● **GIVEN DATA**:

^^^^^^^^

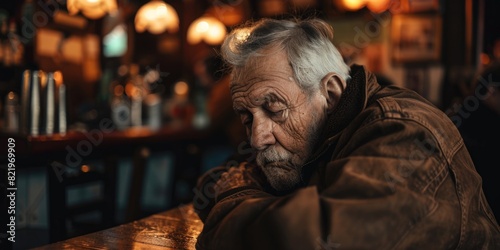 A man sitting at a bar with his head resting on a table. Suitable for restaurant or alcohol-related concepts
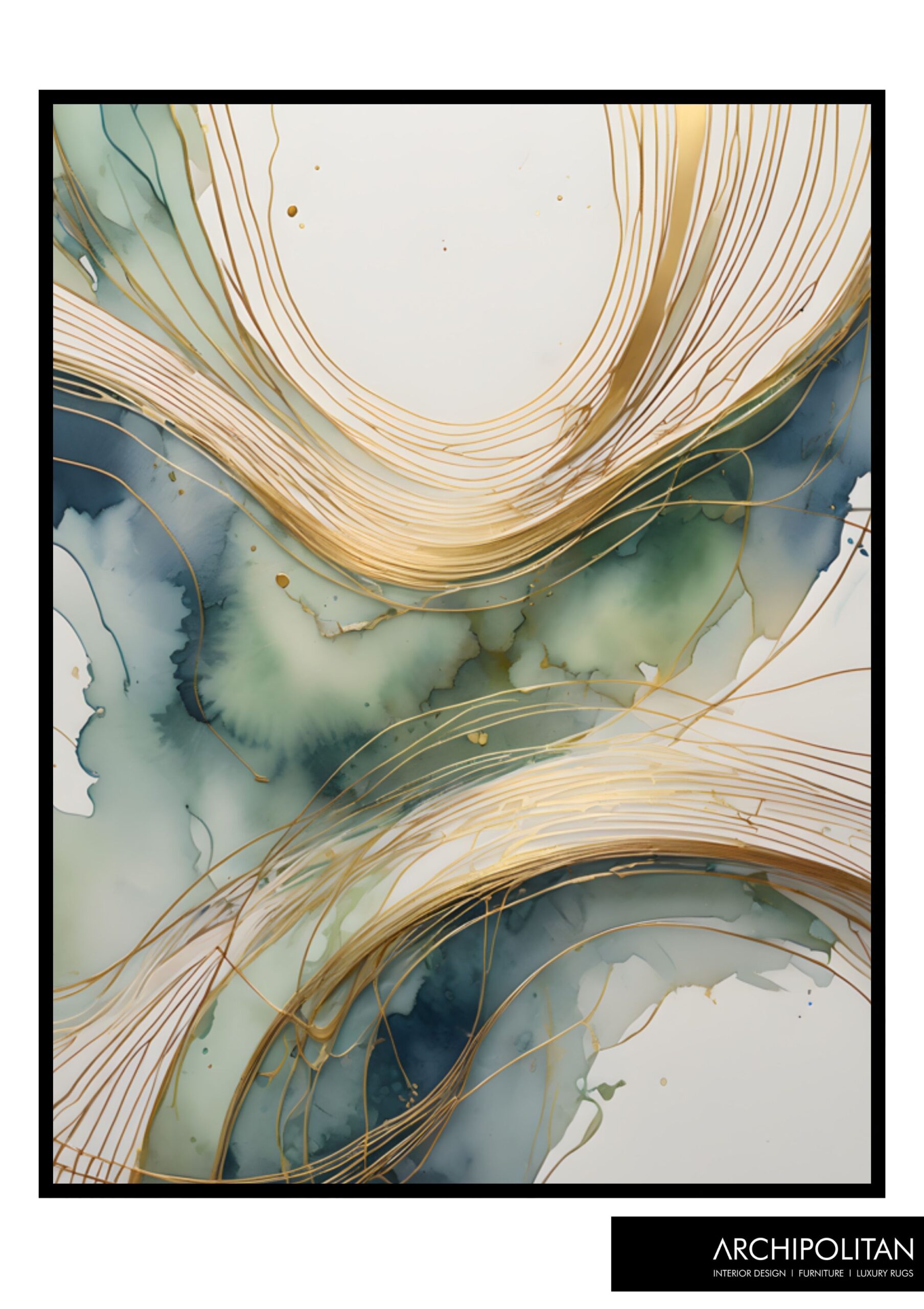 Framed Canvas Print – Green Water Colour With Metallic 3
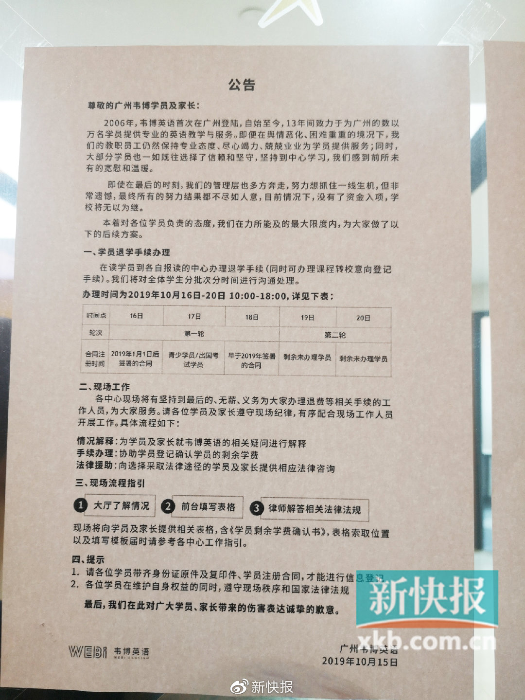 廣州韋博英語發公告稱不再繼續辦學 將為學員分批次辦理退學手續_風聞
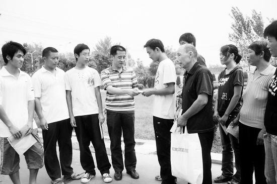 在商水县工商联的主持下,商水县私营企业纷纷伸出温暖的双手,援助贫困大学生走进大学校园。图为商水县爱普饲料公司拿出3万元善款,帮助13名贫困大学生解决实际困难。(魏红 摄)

^^^^^^^^

● **EXERCISE DIRECTIONS**:
Every last line above must be reproduced as written, and no pictures belong in the copy.

● **ANSWER TO THIS TASK**:
 A man sitting at a bar with his head resting on a table. Suitable for restaurant or alcohol-related concepts
 Framed Canvas Print – Green Water Colour With Metallic 3
 廣州韋博英語發公告稱不再繼續辦學 將為學員分批次辦理退學手續_風聞
 在商水县工商联的主持下,商水县私营企业纷纷伸出温暖的双手,援助贫困大学生走进大学校园。图为商水县爱普饲料公司拿出3万元善款,帮助13名贫困大学生解决实际困难。(魏红 摄)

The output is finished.